Here's the trick...between San Antonio and Los Angeles, they are the same train on days where the Sunset Limited is running. They join and/or separate at San Antonio depending on the direction. So, book whichever is the lowest fare, and you're good!

Hope this helps!

-Sav


----------



## amtrakwolverine (Mar 17, 2010)

the texas eagle itself only goes from chi to san. 3 days a week they take 1 sleeper and 1 coach and add it to the sunset limited which continues to LAUS.


----------



## boxcar479 (Mar 17, 2010)

I am taking a trip next week from Ft. Worth to LAX.I had the same question,except I found just the opposite about the pricing the #421 Texas eagle was higher than the #1Sunset Lmtd. out of San Antonio. Another member of this forum pointed out that the#421 has a dedicated run from Chicago to LAX On Mon., Wed., & Fri. On the #421 you Can stay overnite on the train and continue on to Lax at 5:40 am the next morning w/o having to leave the train. But if you took the #21Texas Eagle you would have to get off the train when it arrives in San Antonio and re-board early in the a.m. for a 5:40 a.m. departure and then continue on to LAX. Since the #421 runs frpm CHI- LAX the rooms on that train are at a premium,but if you keep checking daily you mite find a deal


----------



## the_traveler (Mar 17, 2010)

As said, they run together between SAS and LAX. Due to the limitations of Arrow (the reservation system) They must sell the seats and room for each "train" separately. That is why you may see different fares.
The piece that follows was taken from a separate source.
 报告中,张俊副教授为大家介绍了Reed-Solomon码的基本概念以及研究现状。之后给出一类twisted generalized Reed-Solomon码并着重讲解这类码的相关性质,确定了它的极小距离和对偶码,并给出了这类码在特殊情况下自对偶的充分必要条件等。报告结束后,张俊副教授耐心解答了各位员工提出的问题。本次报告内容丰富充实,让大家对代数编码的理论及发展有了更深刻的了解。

Chose the lowest fares if offered between the same cities. (Note the above if it involves #421 or #422.) If you insist on spending more money, send the difference to me! 
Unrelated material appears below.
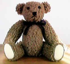 一番最初に作ったテディ。目の位置で、全然表情が変わるので、むずかしかった。 ちょっとおとなしめの表情になりました。 |

An example of mine from last year: I had an AGR award from Ontario, CA (ONA) to CHI on train #422. I had a choice of LAX-ONA on train #2 for $10 or on #422 for $19. Which do you think I chose? :huh:


----------



## AAARGH! (Mar 18, 2010)

the_traveler said:


> An example of mine from last year: I had an AGR award from Ontario, CA (ONA) to CHI on train #422. I had a choice of LAX-ONA on train #2 for $10 or on #422 for $19. Which do you think I chose? :huh:


Obviously the $19 fare so you could get more AGR miles. Duh! :unsure:


----------



## daveyb99 (Mar 18, 2010)

AAARGH! said:


> the_traveler said:
> 
> 
> > An example of mine from last year: I had an AGR award from Ontario, CA (ONA) to CHI on train #422. I had a choice of LAX-ONA on train #2 for $10 or on #422 for $19. Which do you think I chose? :huh:
> ...


Actually it is the same points. Minumum of 100 points per trip - therefore must be over $50 to make anything above 100.


----------



## AAARGH! (Mar 18, 2010)

daveyb99 said:


> AAARGH! said:
> 
> 
> > the_traveler said:
> ...


No, but he does get 18 more points if he uses his AGR credit card!


----------



## the_traveler (Mar 18, 2010)

AAARGH! said:


> No, but he does get 18 more points if he uses his AGR credit card!


Don't forget I'm CHEAP, CHEAP, CHEAP!  :lol:


----------



## GG-1 (Mar 18, 2010)

the_traveler said:


> AAARGH! said:
> 
> 
> > No, but he does get 18 more points if he uses his AGR credit card!
> ...


OK you are a Cheep Bird :lol: :ROTFLOL:

Aloha


----------